Grande grupo saiu da Feliciano Sodré e percorreu a Lúcio Meira, recebendo apoio dos teresopolitanos

Grande grupo saiu da Feliciano Sodré e percorreu a Lúcio Meira, recebendo apoio dos teresopolitanos

– “Não queremos só nosso salário, queremos uma cidade melhor para todos nós”, enfatizam

Basta foi a palavra de ordem dos servidores públicos municipais nesta terça-feira, durante manifestação realizada na frente da Câmara Municipal no momento que os vereadores votavam as contas do governo Arlei Rosa referentes ao ano de 2012. Munidos de faixas, cartazes, apitos, panelas e com muita disposição, os funcionários cobraram a saída imediata do gestor municipal, apontado, junto boa parte dos vereadores – que se omitiu do papel de fiscaliza-lo, como responsável pela crise administrativa e financeira que passa o município. “Hoje temos muito menos gente do que em manifestações anteriores, mas hoje temos qualidade muito grande. Há duas semanas estávamos reivindicando salários e hoje estamos aqui para exigir que o prefeito seja posto para fora. Não estamos só pensando no bolso da gente, mas na cidade onde moramos”, enfatizou o professor Alfredo Bittencourt.

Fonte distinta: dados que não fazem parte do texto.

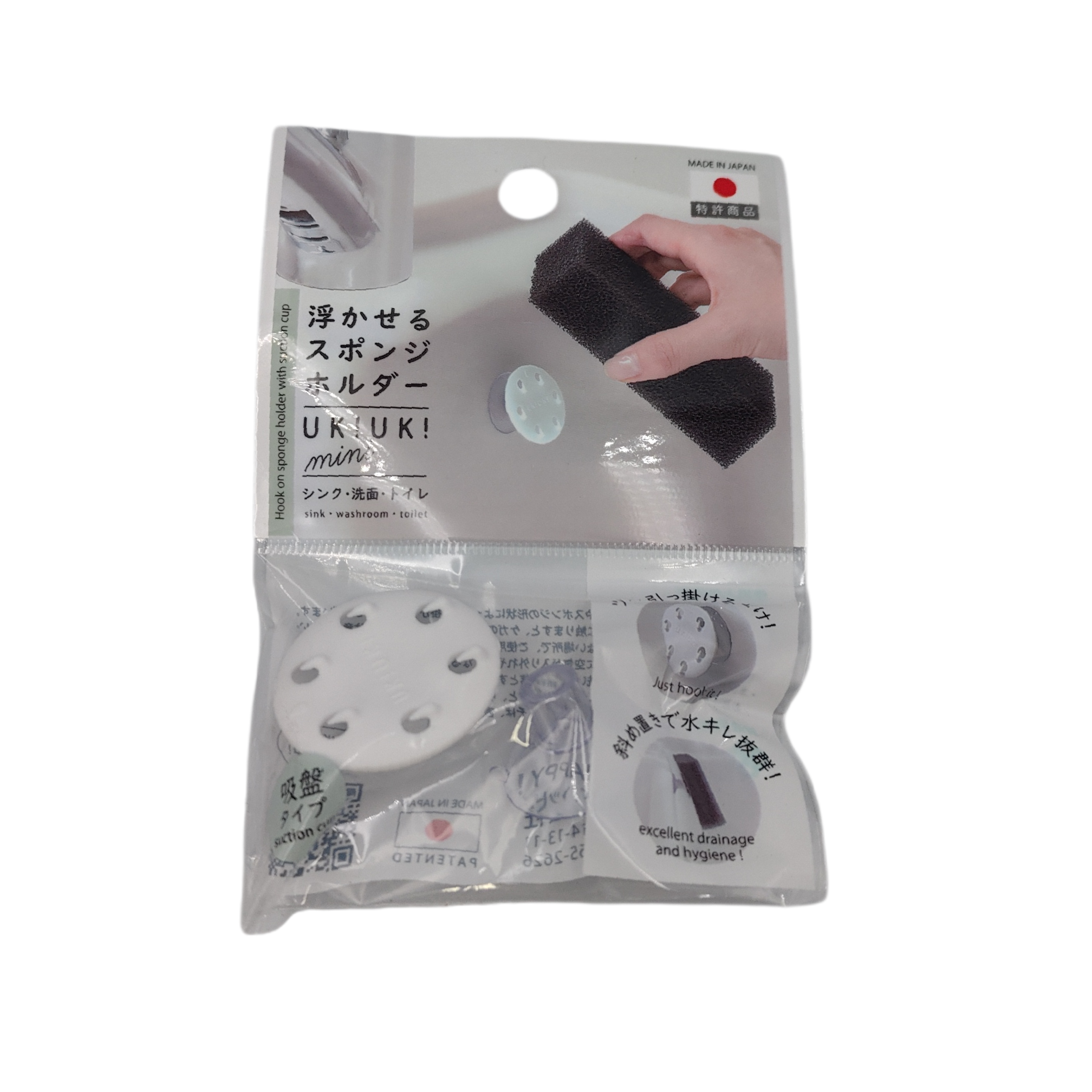 A sponge holder that stores sponges floating. Can be used in sinks, washrooms, toilets, etc. Cannot be installed on uneven, rough, or embossed surfaces. Depending on the shape of the melamine sponge or sponge with a fine surface, it may not stick. To prevent deformation and damage, do not use the dishwasher or dryer.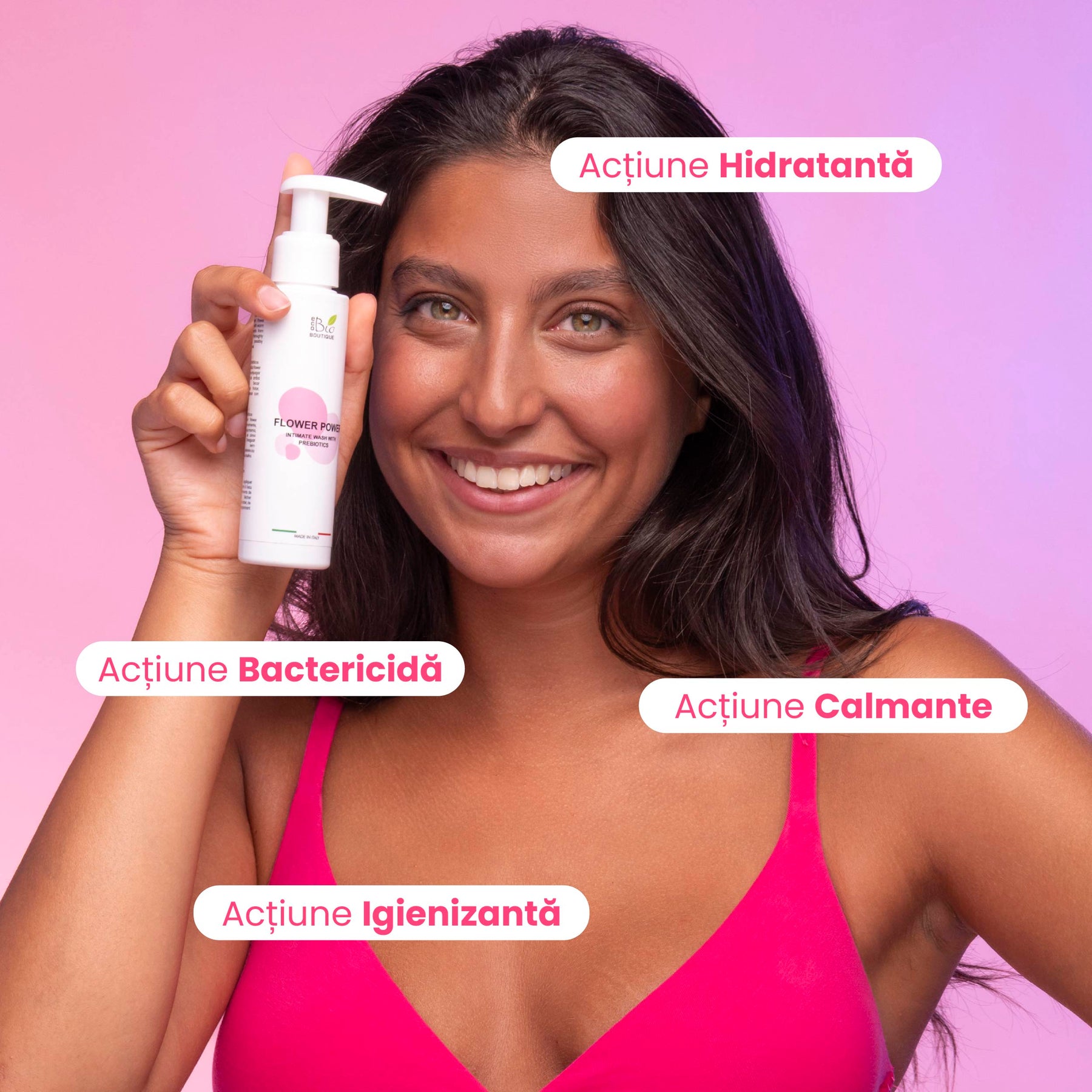 Flower Power este un puternic antibacterian și antifungic, care curăță și calmează respectând pH-ul fiziologic, prevenind dezechilibrele florei bacteriene și consolidând microbiota intimă naturală.

Os manifestantes tomaram conta de metade da Avenida Feliciano Sodré, recebendo novamente apoio dos motoristas que passavam pela avenida e atendiam a mensagem escrita em um dos cartazes: “buzine contra o prefeito ladrão”. Faixas de “Fora Arlei” e “Câmara, estamos de olho” também voltaram ao movimento que, segundo informado pelo professor Alfredo, teve represálias por parte dos cargos de direção das secretarias. “Eles estão ameaçando cortar o nosso ponto, nossa hora extra. Quantos foram coagidos pelos chefes ontem para não estar aqui? E nós estamos aqui, vendo como resultado que o prefeito não vai poder ser candidato mais (devido à reprovação das contas referentes ao ano de 2012). É o resultado dessa cobrança e não podemos deixar aquelas vozes que gostam que falar que as pessoas não gostam de protestar, que o servidor aceita tudo… Estamos aqui mostrando que não é verdade”, completou Alfredo, bastante aplaudido pelos colegas.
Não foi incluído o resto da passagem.